The main elements of a data protection framework are:
- Data classification
Data classification is the practice of categorizing enterprise data by its type, sensitivity, and metadata, as well as its perceived value to the organization. By organizing data on such parameters, it allows organizations to:
- Mitigate risk in case data is altered, deleted, or stolen
- Comply with industry standards such as the HIPAA, DSS, or the EU’s GDPR
- Implement data access controls and come up with data protection policies
- Improve visibility and control over the vast amount of stored and produced
For a more detailed explanation of data classification, read our guide here.
2. Privacy Impact Assessment (PIA)
PIAs are an evaluation of how PII is being gathered, processed, shared and stored. These reports are an important part of demonstrating compliance for regulations like GDPR, in cases where operations extend to Europe. PIAs should be carried out on an ongoing basis, to ensure that personal data is being used ethically throughout its lifecycle.
3. Implementation of security controls
Security controls go a step beyond categorization and assessment to proactively secure the PII that organizations hold. In the remote working world, it’s no longer enough to focus on network security alone. Instead, organizations should take a data-centric approach that includes the following solutions:
- Data masking techniques – such as data encryption – act as a lock around sensitive data like PII, ensuring that it can only be accessed by users who have the key.
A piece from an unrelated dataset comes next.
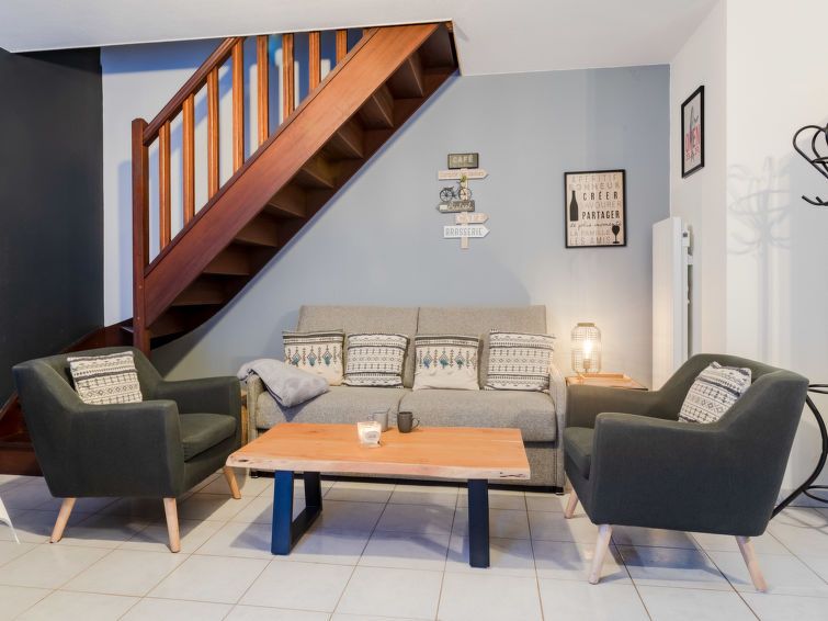 "Le Hameau du prieuré", 4-room apartment 80 m2 on 2 levels, west facing position. Object suitable for 2 adults + 3 children. Living/dining room with TV (flat screen). Exit to the patio, west facing position. Open kitchen (oven, 3 induction hot plates, toaster, kettle, microwave, electric coffee machine).

- Data loss prevention (DLP) is a comprehensive suite of technologies that helps to monitor and protect PII as it moves within the organization’s infrastructure, cloud applications and servers. In conjunction with data classification policies, DLP remediates threats to sensitive data. For example, if a user attempts to send PII to a third-party on an app like Slack, DLP will automatically redact it in real-time, preventing a data breach.
- A zero-trust approach to security is a framework for preventing breaches, by giving employees and third-parties access to only the information they need to do their jobs, and nothing more. It’s the idea that no one can be trusted when it comes to data security. This approach reduces the likelihood of a data breach via human error, or through stolen credentials. Forward-thinking DLP solutions incorporate zero-trust principles into their models.